> WHAT IS NEEDED
Pictures within the data are to be left out; everything else must be reproduced exactly.

> SUPPLIED MATERIAL

_ _ _ _ _

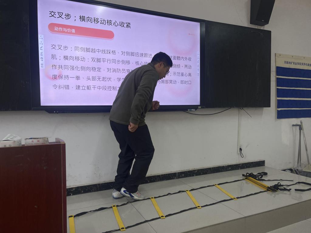 贾越、吴迪迪、杨凯凯三位青年教师根据应急产业学院学生的专业特点,分别围绕绳梯基本训练、平衡木控制练习和双手头上前掷实心球教学内容进行无生课堂教学展示。在学情分析、教学目标以及课程设计阐述环节,三位教师均展现出了对该专业学生体能训练需求的深刻理解。他们巧妙地将应急安全救援技能需求融入体育教学中,通过生动的示范和详细的讲解,展现了创新的教学方法和扎实的专业功底。
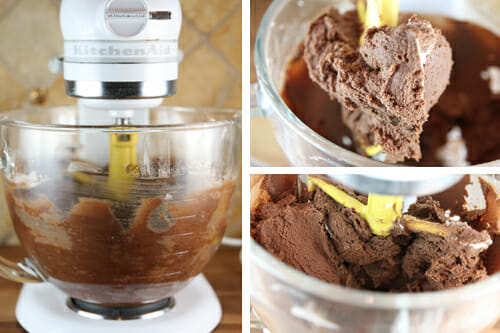 - Whisk flour and cocoa powder together and then slowly add to the butter mixture by spoonfuls with mixer at low speed. Scrape down sides and bottom of bowl as needed.
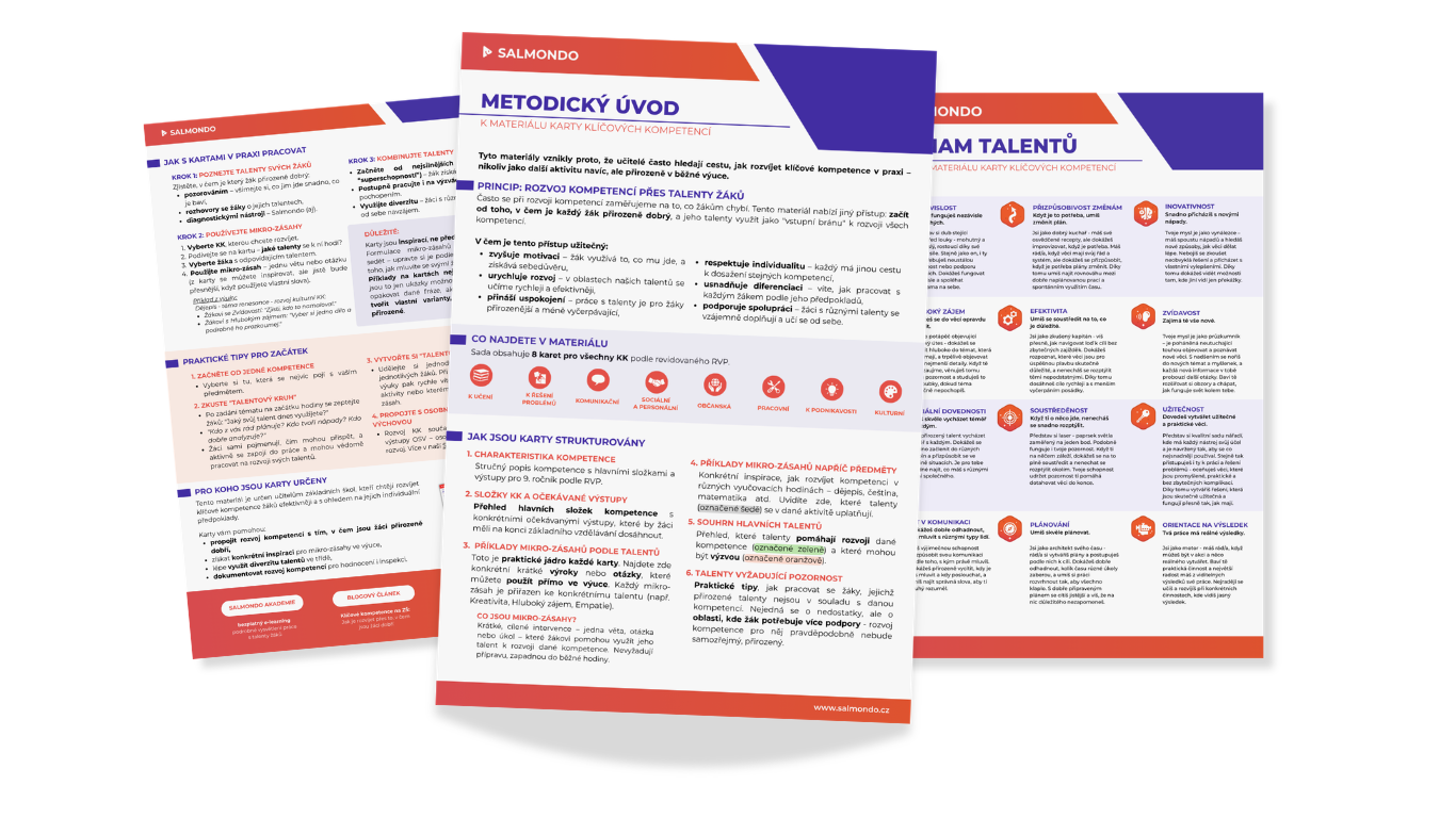 Protože se v aplikaci Salmondo dlouhodobě věnujeme identifikaci a rozvoji talentů každého žáka, bylo pro nás přirozené tyto dvě oblasti propojit. Vznikl tak metodický materiál, který talenty, se kterými žáci v aplikaci pracují, propojuje s klíčovými kompetencemi dle RVP.

_ _ _ _ _

> RESPONSE BOX
 贾越、吴迪迪、杨凯凯三位青年教师根据应急产业学院学生的专业特点,分别围绕绳梯基本训练、平衡木控制练习和双手头上前掷实心球教学内容进行无生课堂教学展示。在学情分析、教学目标以及课程设计阐述环节,三位教师均展现出了对该专业学生体能训练需求的深刻理解。他们巧妙地将应急安全救援技能需求融入体育教学中,通过生动的示范和详细的讲解,展现了创新的教学方法和扎实的专业功底。
 - Whisk flour and cocoa powder together and then slowly add to the butter mixture by spoonfuls with mixer at low speed. Scrape down sides and bottom of bowl as needed.
 Protože se v aplikaci Salmondo dlouhodobě věnujeme identifikaci a rozvoji talentů každého žáka, bylo pro nás přirozené tyto dvě oblasti propojit. Vznikl tak metodický materiál, který talenty, se kterými žáci v aplikaci pracují, propojuje s klíčovými kompetencemi dle RVP.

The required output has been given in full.